Entre outras assinaturas, o manifesto trazia as do presidente nacional do partido governante, sr. Ricardo Berzoini, e do assessor especial da presidência da República, sr. Marco Aurélio Garcia, elemento de ligação entre o presidente Luiz Inácio Lula da Silva e o Foro de São Paulo, coordenação estratégica do movimento comunista na América Latina e berço da "revolução bolivariana" do sr. Hugo Chávez.
Mas ainda há um detalhe interessante a observar. A auto-acusação falsa que João Carlos Kfouri Quartim de Moraes fez ante os estudantes da Unicamp foi uma mentira em sentido estrito ou um "ato falho" freudiano?
Sendo um dos três dirigentes máximos da organização terrorista que determinou o assassinato do capitão Chandler, ele não pode ter ignorado essa decisão, da qual foi portanto, na mais branda das hipóteses, cúmplice moral passivo. E a maior prova disso é que até hoje ele justifica o homicídio, alegando que "mortes são da lógica dos conflitos armados" e voltando a insistir na história de que o oficial estava no Brasil como "instrutor de tortura".
Em entrevista ao jornal Zero Hora em 12 de dezembro de 2005 (v.

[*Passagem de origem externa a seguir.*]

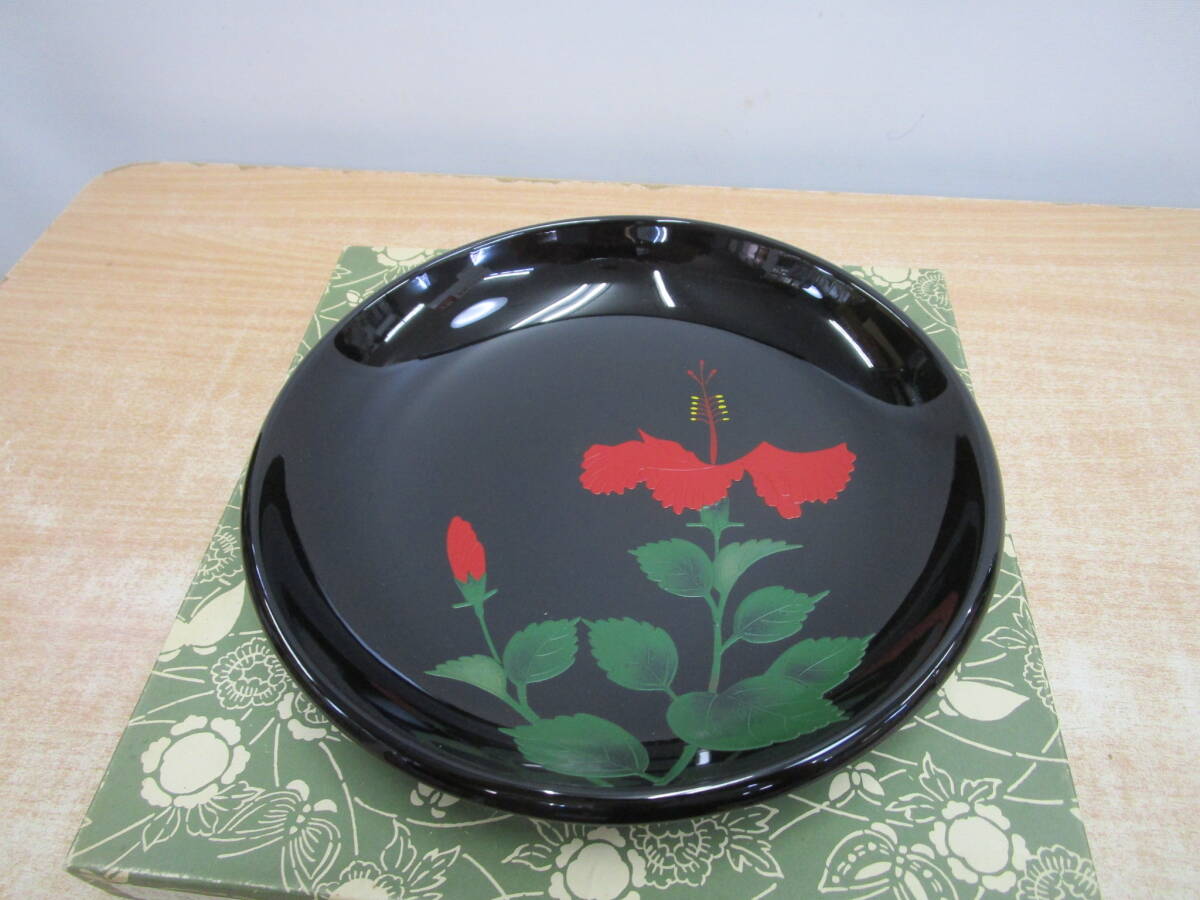 - O268★琉球漆器 果物鉢 ハイビスカス★未使用品

Os órfãos da ditadura), o filho do capitão assassinado, Todd Chandler, explicou o óbvio dos óbvios: seu pai não estava no Brasil nem com a missão alegada por Quartim de Moraes nem aliás com missão alguma. "Pensem nisto: os EUA jamais mandariam a família civil junto com um oficial que estivesse em qualquer tipo de missão." Isso é absolutamente irrespondível.
Charles Rodney Chandler estava no Brasil como estudante, num dos programas de intercâmbio que prosseguem até hoje entre as escolas militares brasileiras e americanas. Esse estudante foi assassinado a sangue-frio, diante dos olhos de sua esposa e de seu filho, e o dirigente da quadrilha que fez isso, depois de confessar o crime ante uma platéia que o aplaudia por esse feito macabro, se diz "caluniado" quando suas próprias palavras são levadas a sério.
Até hoje Todd Chandler pergunta: "Por que levaram meu pai? Por que destruíram uma família?" A única resposta, sr. Chandler, é que à mentalidade revolucionária tudo é permitido: mentir, trapacear, matar, caluniar as vítimas e depois ainda se fazer de coitadinha, principalmente se com base nisto pode colher alguma vantagem publicitária ou financeira.
Sob este último aspecto, convém lembrar que um dos participantes do assassinato do capitão, Diógenes José de Carvalho, que mais tarde se tornaria ainda mais tristemente célebre com o apelido de "Diógenes do PT" quando de seu envolvimento num escandaloso caso de corrupção em 2002, foi o mesmo que em 20 de março de 1968 jogou uma bomba na biblioteca do consulado dos EUA em São Paulo, arrancando a perna de um transeunte inocente, Orlando Lovecchio Filho.
Recentemente, o criminoso recebeu uma indenização de aproximadamente US$ 200 mil do governo, como ex-prisioneiro político, ao passo que Lovecchio jamais recebeu indenização nenhuma. Por esses detalhes, sr. Chandler, o senhor pode imaginar que tipo de pessoas a sra. Condoleezza Rice, durante sua viagem ao Brasil, disse considerar parceiras leais dos EUA na guerra contra o terrorismo.